→ **PROMPT**
Reproduce exactly the lines of this material that begin at the line with "Camino a Bioetanolo" and end at the line with "2年生の図画工作では、「新聞", both included. Omit the pictures and everything else.

DATA TO EXAMINE section start

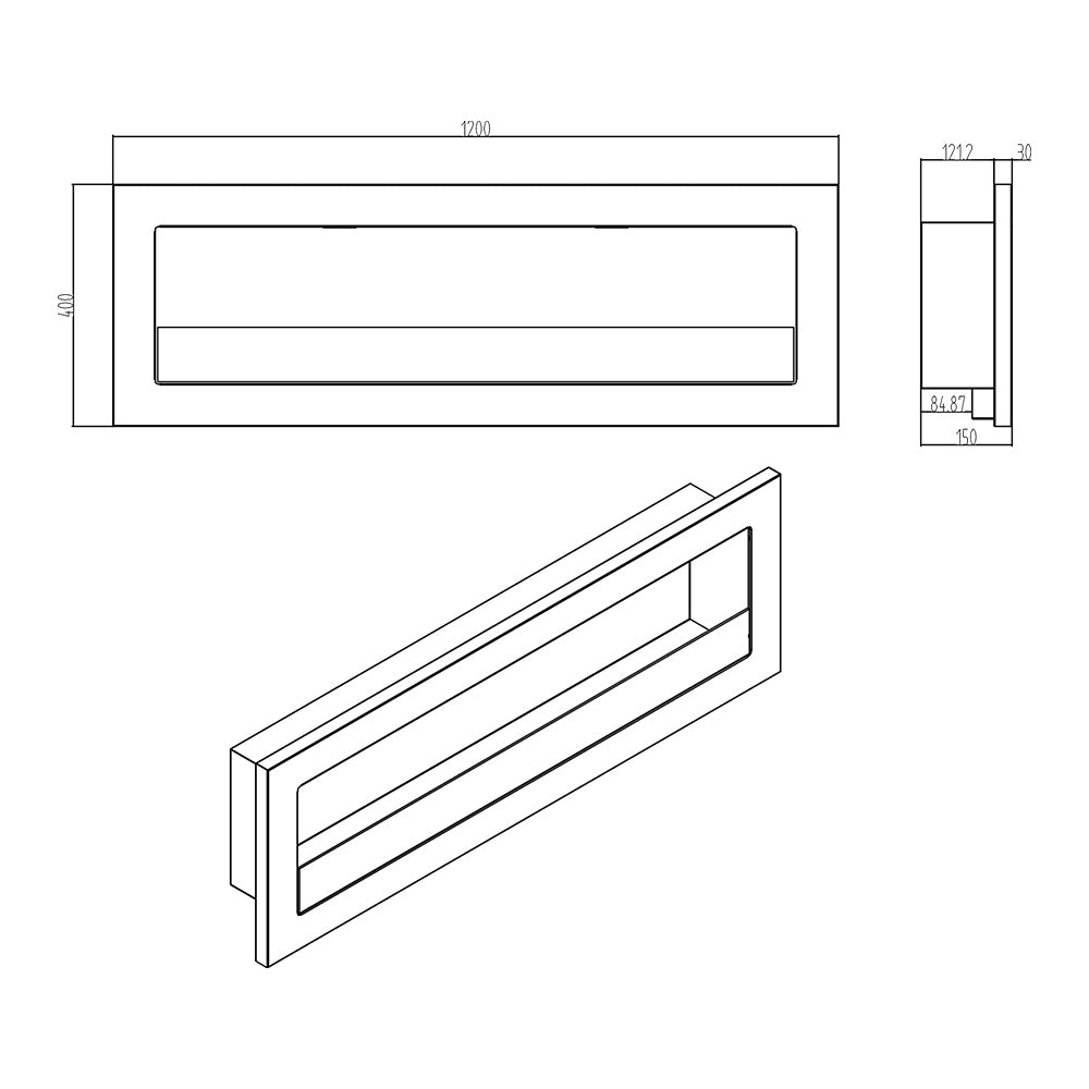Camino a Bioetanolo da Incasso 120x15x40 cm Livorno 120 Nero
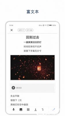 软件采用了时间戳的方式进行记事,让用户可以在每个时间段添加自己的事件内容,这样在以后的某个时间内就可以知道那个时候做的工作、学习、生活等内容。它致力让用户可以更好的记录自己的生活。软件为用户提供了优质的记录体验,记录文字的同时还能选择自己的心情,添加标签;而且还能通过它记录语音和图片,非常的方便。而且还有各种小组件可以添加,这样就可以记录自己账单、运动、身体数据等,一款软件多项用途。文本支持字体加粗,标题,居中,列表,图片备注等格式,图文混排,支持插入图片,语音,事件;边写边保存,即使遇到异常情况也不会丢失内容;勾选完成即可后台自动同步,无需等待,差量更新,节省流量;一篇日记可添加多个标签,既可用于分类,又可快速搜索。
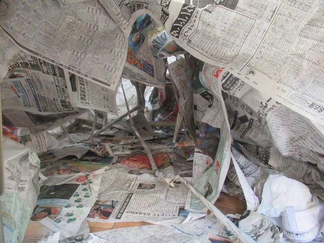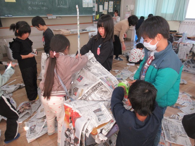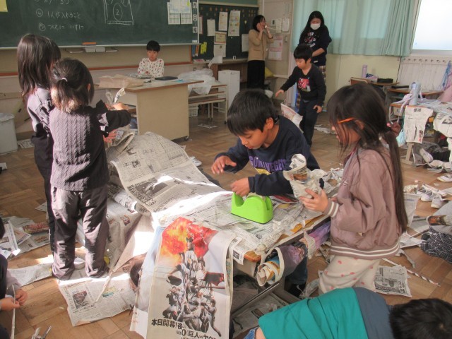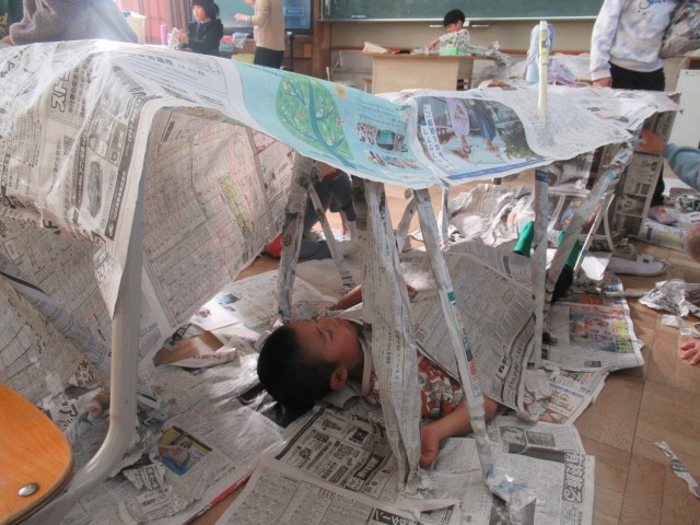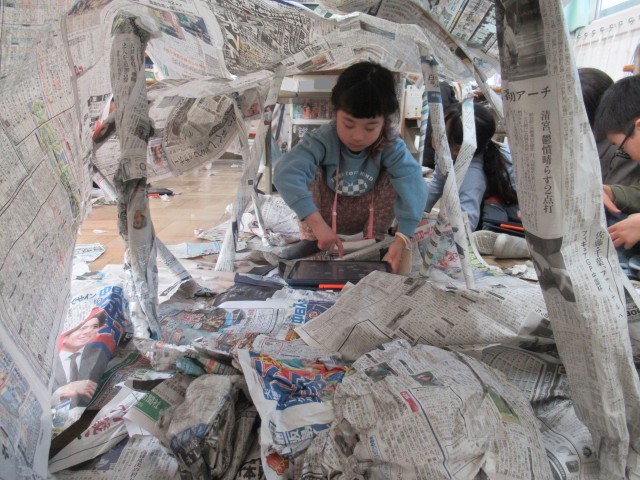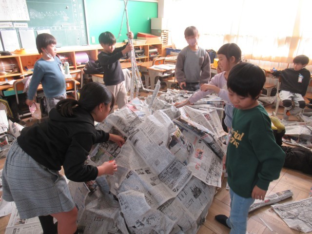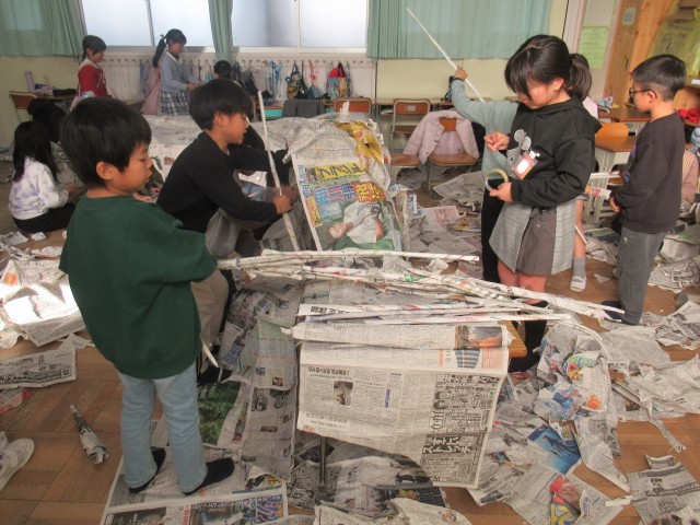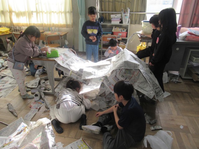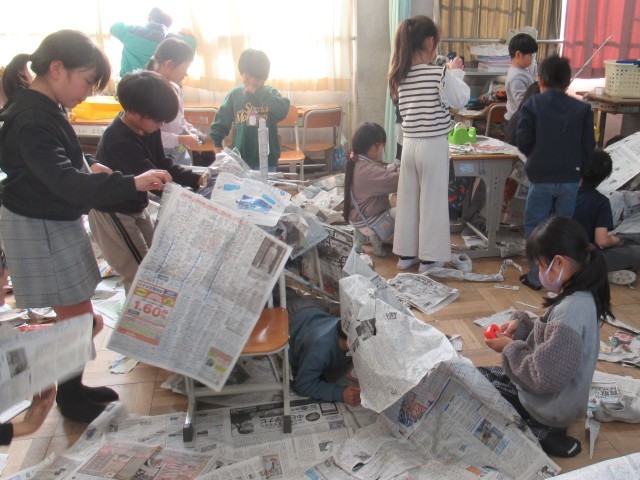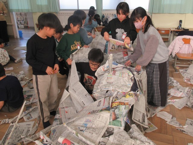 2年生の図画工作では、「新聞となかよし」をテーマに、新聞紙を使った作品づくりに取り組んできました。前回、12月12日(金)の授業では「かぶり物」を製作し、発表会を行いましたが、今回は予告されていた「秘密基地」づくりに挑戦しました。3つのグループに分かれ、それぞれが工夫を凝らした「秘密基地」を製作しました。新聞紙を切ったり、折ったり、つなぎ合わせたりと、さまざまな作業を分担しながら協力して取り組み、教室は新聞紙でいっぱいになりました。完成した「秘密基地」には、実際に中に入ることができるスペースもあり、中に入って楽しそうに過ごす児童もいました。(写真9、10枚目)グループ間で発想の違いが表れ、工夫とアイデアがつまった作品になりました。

DATA TO EXAMINE section end
DATA TO EXAMINE section start

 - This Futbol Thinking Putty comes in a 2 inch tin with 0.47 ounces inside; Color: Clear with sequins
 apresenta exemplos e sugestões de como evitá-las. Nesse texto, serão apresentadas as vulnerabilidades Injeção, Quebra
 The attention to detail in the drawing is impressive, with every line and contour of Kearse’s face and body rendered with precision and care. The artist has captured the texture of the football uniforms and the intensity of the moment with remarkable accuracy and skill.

DATA TO EXAMINE section end
DATA TO EXAMINE section start

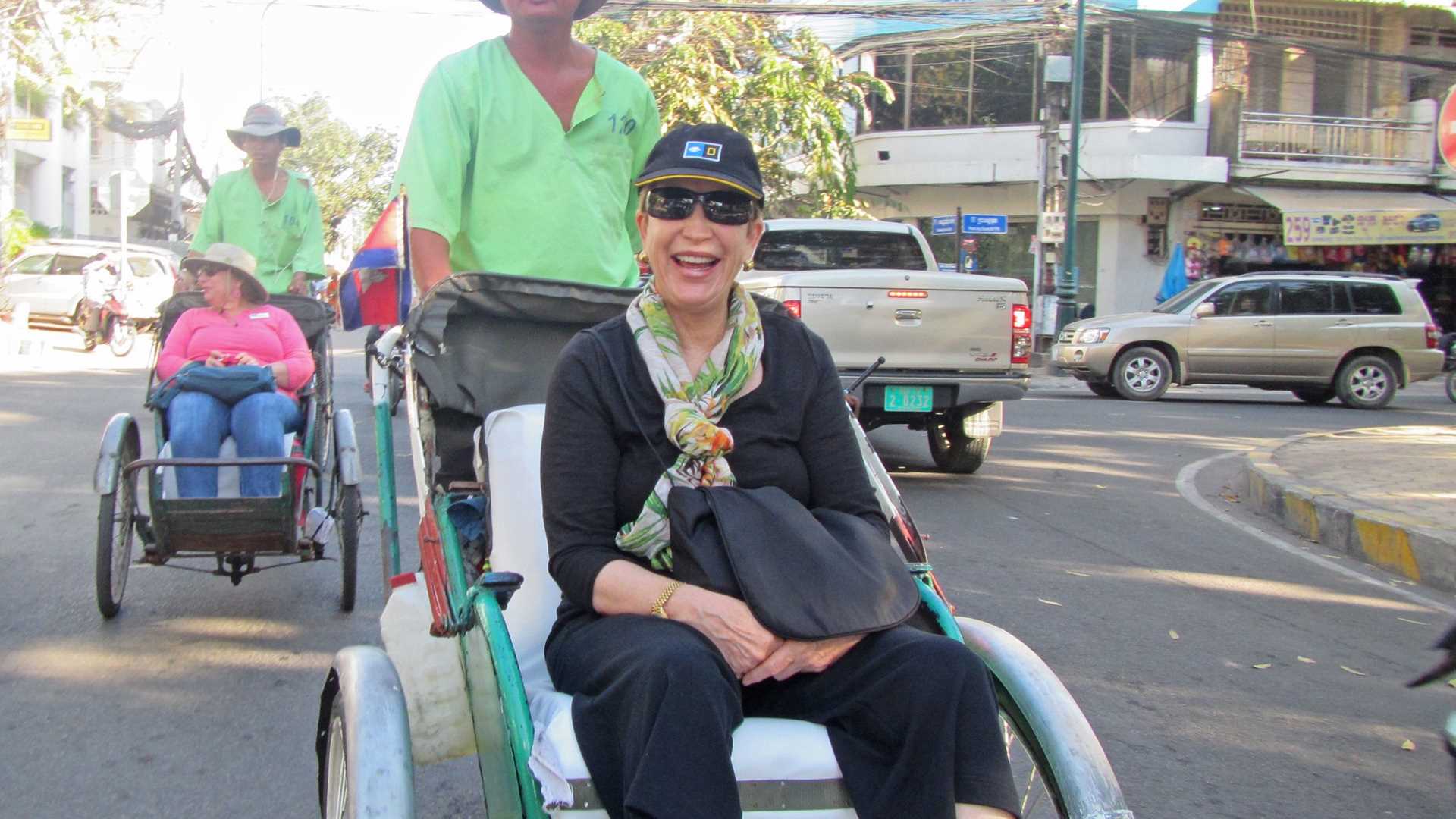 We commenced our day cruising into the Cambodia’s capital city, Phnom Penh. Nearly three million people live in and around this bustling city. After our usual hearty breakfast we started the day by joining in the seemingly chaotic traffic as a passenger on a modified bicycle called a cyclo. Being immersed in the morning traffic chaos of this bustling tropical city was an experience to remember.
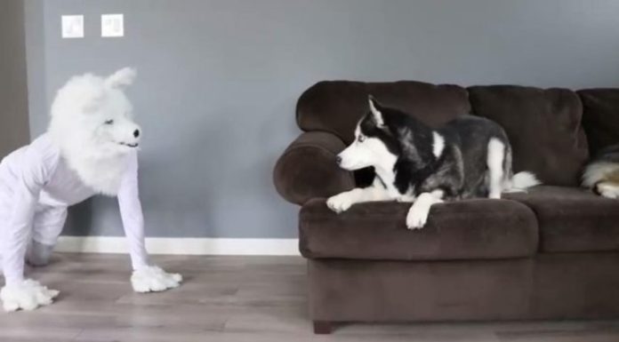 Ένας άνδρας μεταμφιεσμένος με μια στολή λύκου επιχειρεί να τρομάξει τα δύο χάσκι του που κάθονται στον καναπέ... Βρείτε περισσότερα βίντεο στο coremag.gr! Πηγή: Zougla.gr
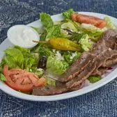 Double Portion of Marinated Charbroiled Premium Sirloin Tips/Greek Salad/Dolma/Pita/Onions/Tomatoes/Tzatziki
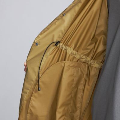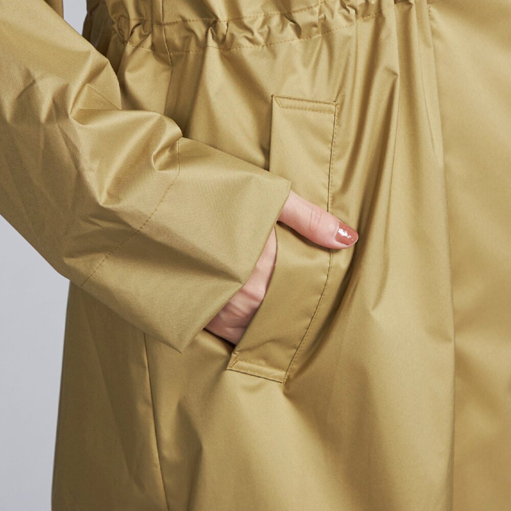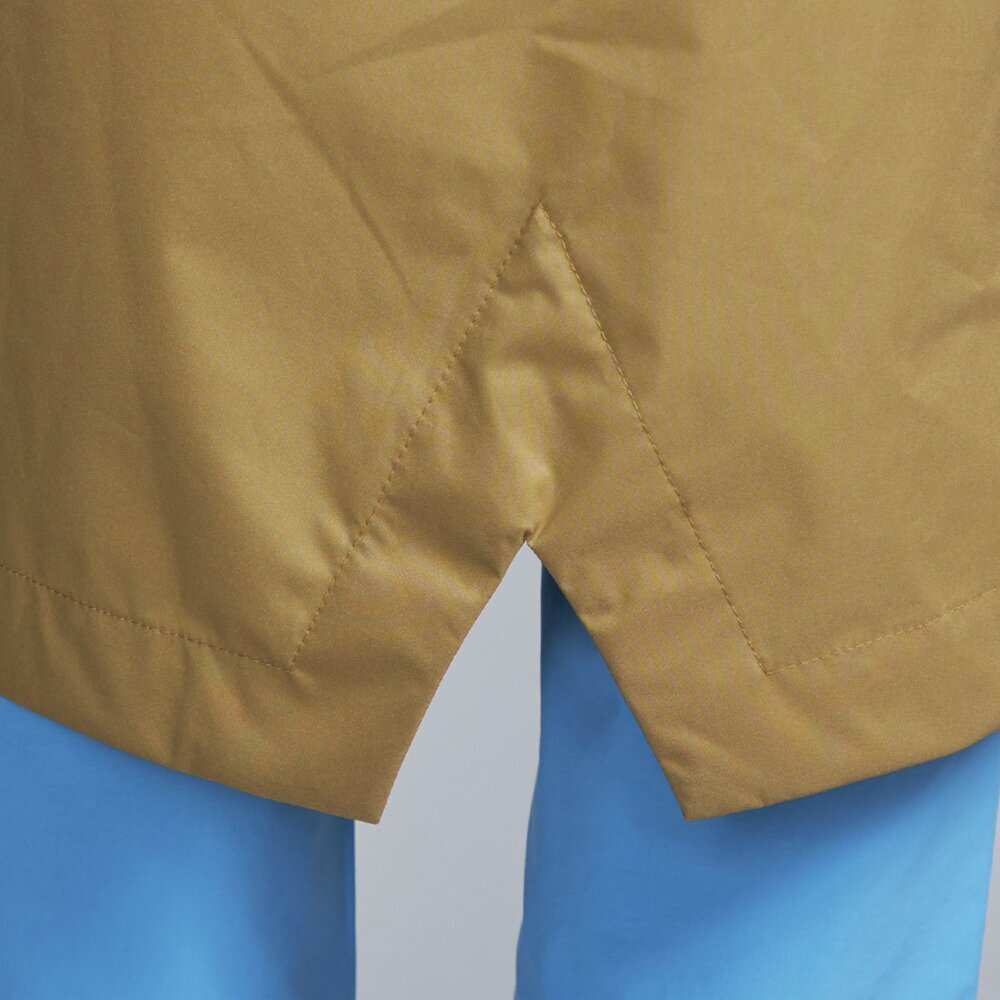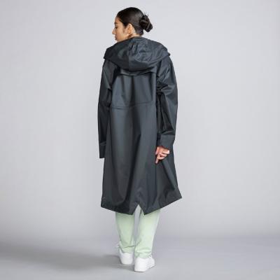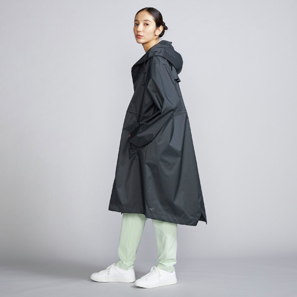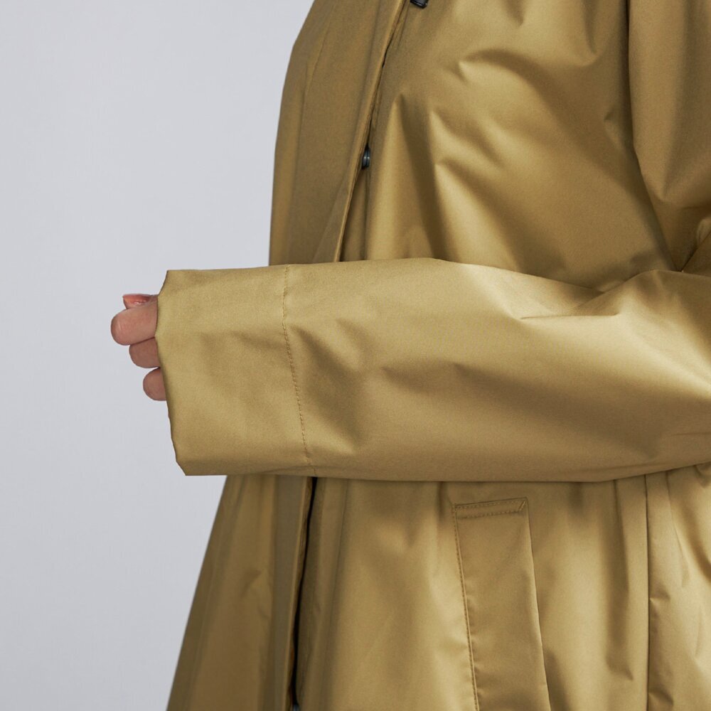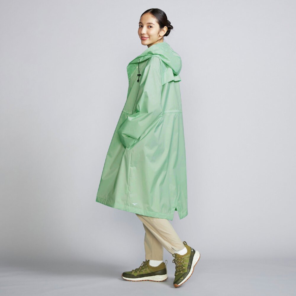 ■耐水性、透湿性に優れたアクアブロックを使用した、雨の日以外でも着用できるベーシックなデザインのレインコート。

DATA TO EXAMINE section end

→ **TASK OUTPUT**
Camino a Bioetanolo da Incasso 120x15x40 cm Livorno 120 Nero
 软件采用了时间戳的方式进行记事,让用户可以在每个时间段添加自己的事件内容,这样在以后的某个时间内就可以知道那个时候做的工作、学习、生活等内容。它致力让用户可以更好的记录自己的生活。软件为用户提供了优质的记录体验,记录文字的同时还能选择自己的心情,添加标签;而且还能通过它记录语音和图片,非常的方便。而且还有各种小组件可以添加,这样就可以记录自己账单、运动、身体数据等,一款软件多项用途。文本支持字体加粗,标题,居中,列表,图片备注等格式,图文混排,支持插入图片,语音,事件;边写边保存,即使遇到异常情况也不会丢失内容;勾选完成即可后台自动同步,无需等待,差量更新,节省流量;一篇日记可添加多个标签,既可用于分类,又可快速搜索。
 2年生の図画工作では、「新聞となかよし」をテーマに、新聞紙を使った作品づくりに取り組んできました。前回、12月12日(金)の授業では「かぶり物」を製作し、発表会を行いましたが、今回は予告されていた「秘密基地」づくりに挑戦しました。3つのグループに分かれ、それぞれが工夫を凝らした「秘密基地」を製作しました。新聞紙を切ったり、折ったり、つなぎ合わせたりと、さまざまな作業を分担しながら協力して取り組み、教室は新聞紙でいっぱいになりました。完成した「秘密基地」には、実際に中に入ることができるスペースもあり、中に入って楽しそうに過ごす児童もいました。(写真9、10枚目)グループ間で発想の違いが表れ、工夫とアイデアがつまった作品になりました。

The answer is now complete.